Start of Block

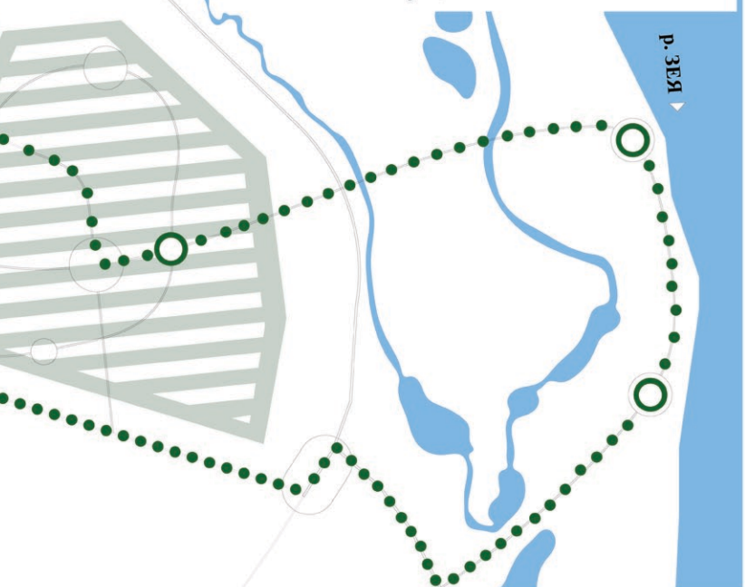
Схема размещения проектируемой рекреационной зоны в системе расселения ситуационный план
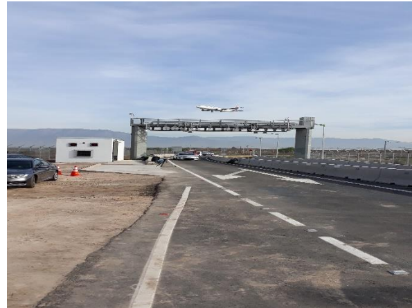
Pórtico sector Portón 12, lado norte

El proyecto no presenta avance físico en la actualidad
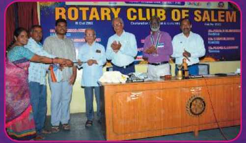
RC SALEM Education Fund Donation
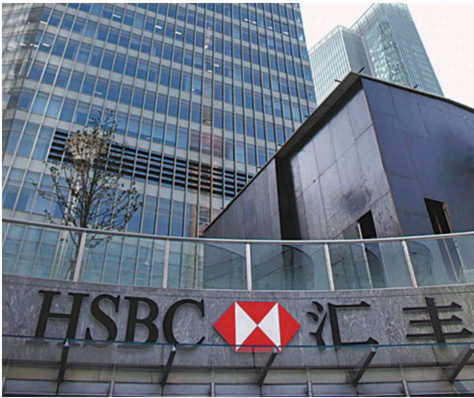
■券商普遍對匯控去年業績感樂觀。

據了解,歐智華個人花紅亦會大減,其09年花紅收入達900萬英鎊,計及薪酬及其他獎金,總值逾1,000萬鎊,屬同年收入最高的一位執行董事,但報道指今次的花紅將減至700萬英鎊。
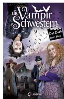
Die Vampirschwestern – Das Buch zum Film
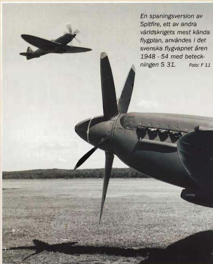
En spaningsversion av Spitfire, ett av andra världskrigets mest kända flygplan, användes i det svenska flygvapnet åren 1948 - 54 med beteckningen S 31.
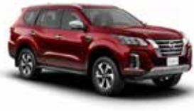
احمر داكن PM (NAW) RED PM (NAW)
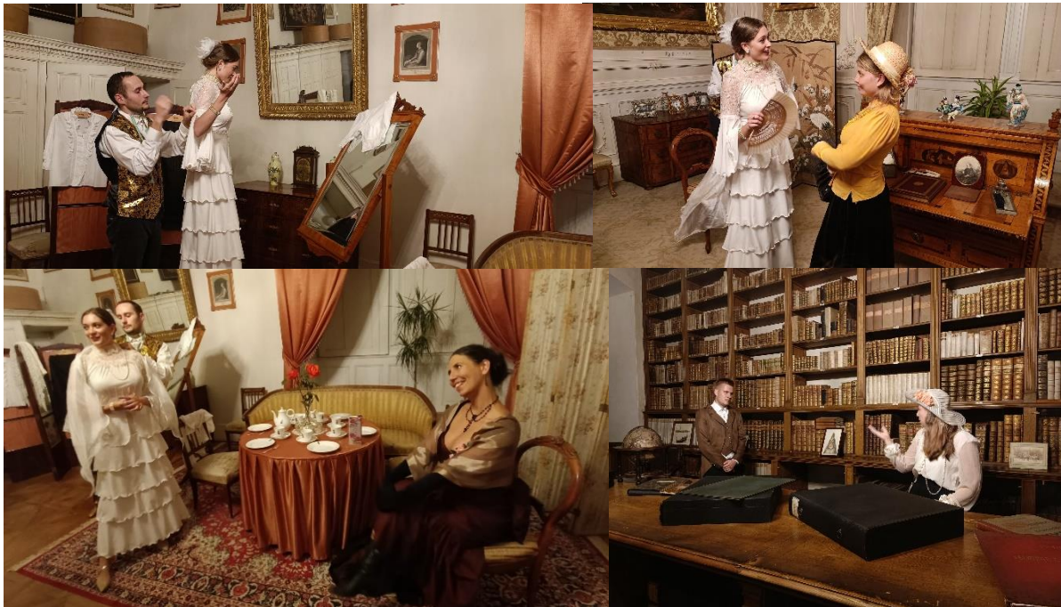
Hradozámecká noc – kostýmovaná noční prohlídka
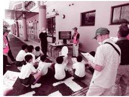
中学生防災隊防災教室
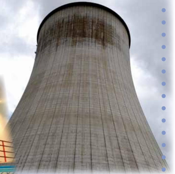
Tour de refroidissement de Tihange 2.

... ainsi que les normes de sécurité pour y entrer.
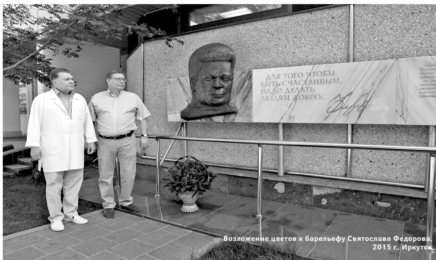
Возложение цветов к барельефу Святослава Федорова, 2015 г., Иркутск

Имеются противопоказания. Требуется консультация специалиста
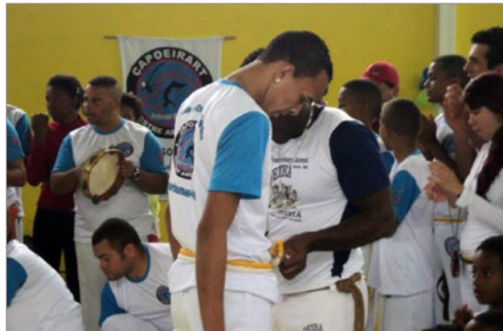
A comunidade marcou presença no batizado e na troca de cordas
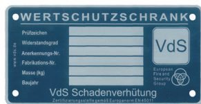
Beispiel für Typenschild VdS - Tresore

Bei Tresormodellen mit den abgebildeten Typenschildern können aus Sicherheitsgründen Schlüssel nur nach Vorlage eines Originalschlüssels angefertigt werden. Weiterhin muss die nachstehende Kundenerklärung ausgefüllt werden.
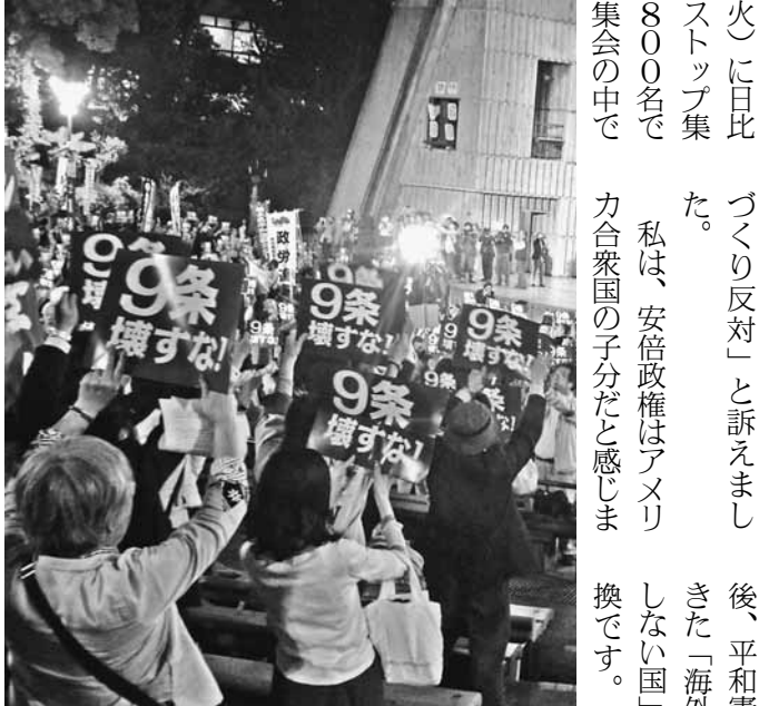
「9条壊すな」と声をあげ
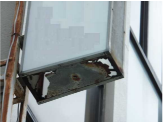
↑看板底部の留め具が壊れるとアクリル板が抜け落ちる原因にも。
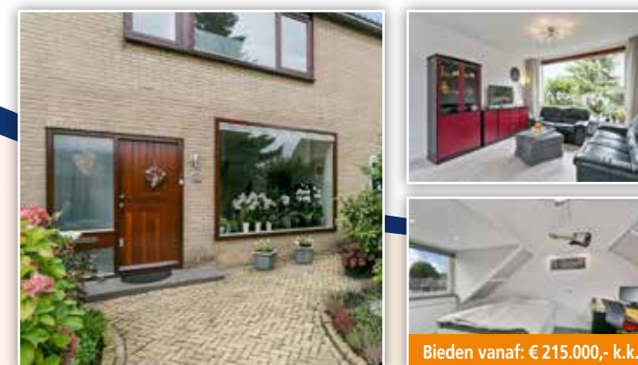
Riet 7, Barendrecht

Goed onderhouden en rustig gelegen 5-kamer eengezinswoning op 150 m 2 eigen grond in de wijk Paddewei. De woning is geheel voorzien van hardhouten kozijnen met dubbel glas en de woonkamer heeft een schuifpui naar de achtertuin. Cv d.m.v. moderne Cv-combiketel (2015). Ligging aan een voetpad in een kindvriendelijke straat met diverse speelgelegenheden in de buurt.

End of Block

**Work order**:
Copy nothing but the lines from the top of the material through the line holding "Возложение цветов к", exactly as written; omit pictures.

**Result of this exercise**:
Схема размещения проектируемой рекреационной зоны в системе расселения ситуационный план
Pórtico sector Portón 12, lado norte

El proyecto no presenta avance físico en la actualidad
RC SALEM Education Fund Donation
■券商普遍對匯控去年業績感樂觀。

據了解,歐智華個人花紅亦會大減,其09年花紅收入達900萬英鎊,計及薪酬及其他獎金,總值逾1,000萬鎊,屬同年收入最高的一位執行董事,但報道指今次的花紅將減至700萬英鎊。
Die Vampirschwestern – Das Buch zum Film
En spaningsversion av Spitfire, ett av andra världskrigets mest kända flygplan, användes i det svenska flygvapnet åren 1948 - 54 med beteckningen S 31.
احمر داكن PM (NAW) RED PM (NAW)
Hradozámecká noc – kostýmovaná noční prohlídka
中学生防災隊防災教室
Tour de refroidissement de Tihange 2.

... ainsi que les normes de sécurité pour y entrer.
Возложение цветов к барельефу Святослава Федорова, 2015 г., Иркутск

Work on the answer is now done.